Une enquête a été ouverte par le parquet de Strasbourg après la découverte d’un détenu mort dans sa cellule dimanche matin à la maison d’arrêt de la ville.

Une enquête a été ouverte par le parquet de Strasbourg après la découverte d’un détenu mort dans sa cellule dimanche matin à la maison d’arrêt de la ville.

Photo d’illustration/AFP

Un détenu de 51 ans a été retrouvé mort dimanche à la maison d’arrêt de Strasbourg après s’être pendu, a-t-on appris lundi de sources syndicales. Il s’agit du deuxième suicide en deux semaines dans cet établissement.

Le détenu était seul dans sa cellule et a été retrouvé dimanche matin à l’occasion d’un contrôle de routine effectué par les agents pénitentiaires, ont expliqué deux sources syndicales, confirmant une information des «Dernières Nouvelles d’Alsace». L’homme avait initialement été écroué à Colmar à l’été 2020, puis transféré à Strasbourg en septembre 2020. Il était connu des services judiciaires pour des faits de vols, de violences et outrages, et de viol.

Conformément au Code de procédure pénale, le parquet de Strasbourg a ouvert une enquête en recherche des causes de la mort.

Ce suicide est le deuxième en moins de deux semaines à la maison d’arrêt de Strasbourg: le 9 novembre, un détenu de 31 ans s’était pendu au sein du quartier disciplinaire, rappellent les «Dernières Nouvelles d’Alsace».

Taux d’occupation de 128%

Selon l’observatoire international des prisons, la maison d’arrêt de Strasbourg, d’une capacité d’accueil de 424 places, accueillait 543 détenus au 1er janvier 2021, soit un taux d’occupation de 128%. Les syndicats évoquent néanmoins des conditions de détention «correctes».

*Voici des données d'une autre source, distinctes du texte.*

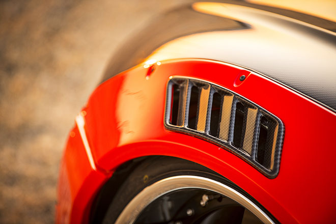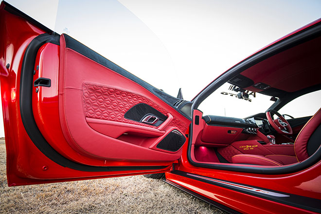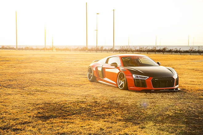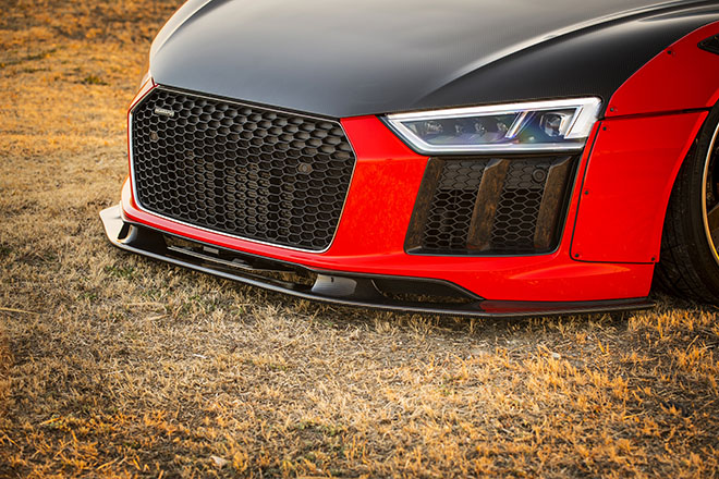 ビス留めフェンダーで大胆にワイド感を強調する迫力のたたずまいを、知的なクールなスーパースポーツであるR8に当てはめる。これが抜群に似合ってしまうのは、随所に備わるスポイラーやGTウイングで世界観を統一させたからか。まるでアウディのレーシング・デベロップメントが理路整然として開発したル・マン24時間想定のLM-GTマシンのようである。
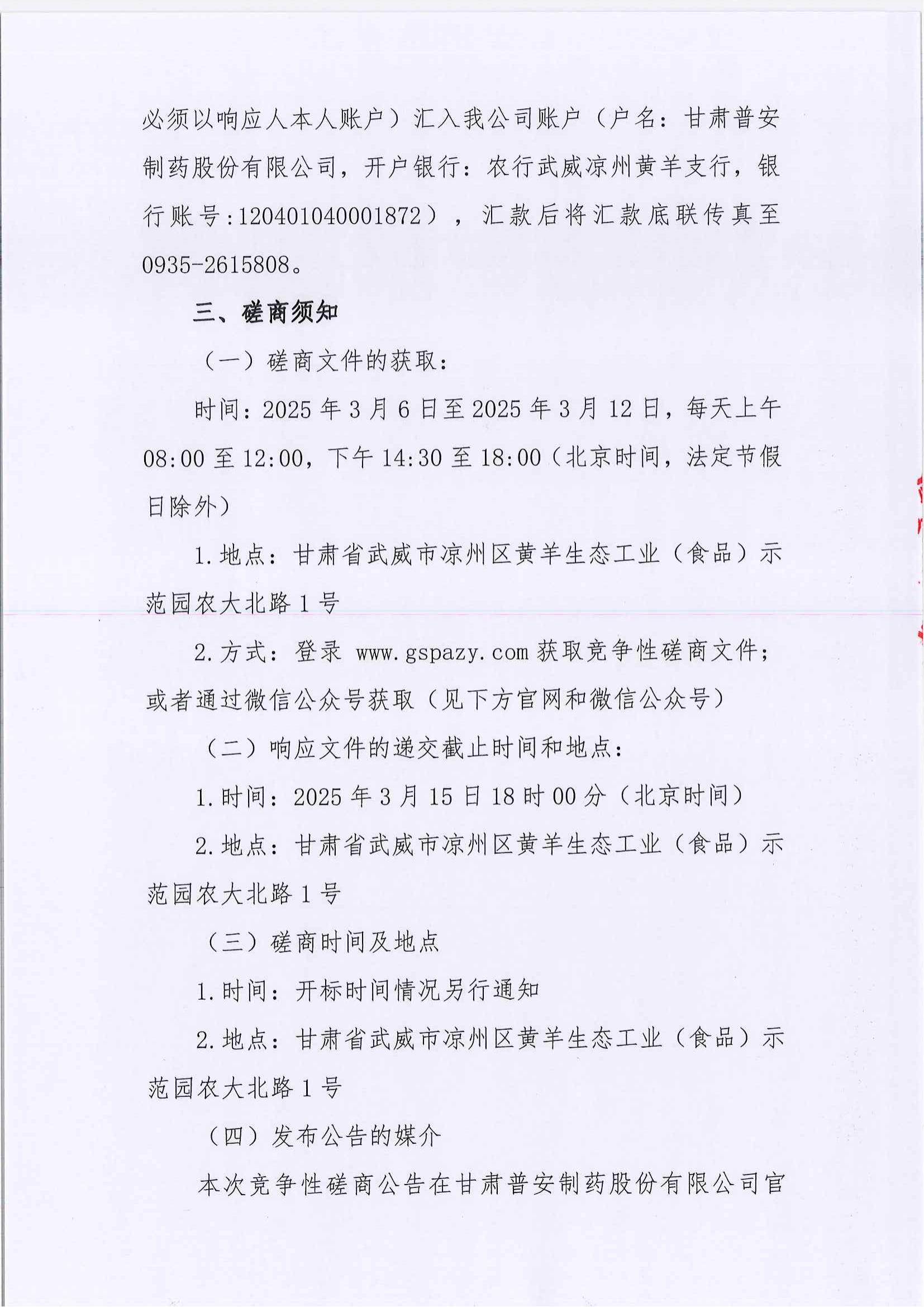 甘肅普安制藥股份有限公司裝卸服務單位招標公告

«C’est un établissement qui n’est pas si vieux que ça, et qui est bien entretenu, bien tenu, même s’il souffre de surpopulation carcérale», souligne un délégué syndical. Celui-ci regrette cependant l’absence de «prise en charge psychologique automatique» pour les agents pénitentiaires confrontés à des suicides.

Sollicitée, l’administration pénitentiaire n’a pas immédiatement répondu aux demandes de l’AFP.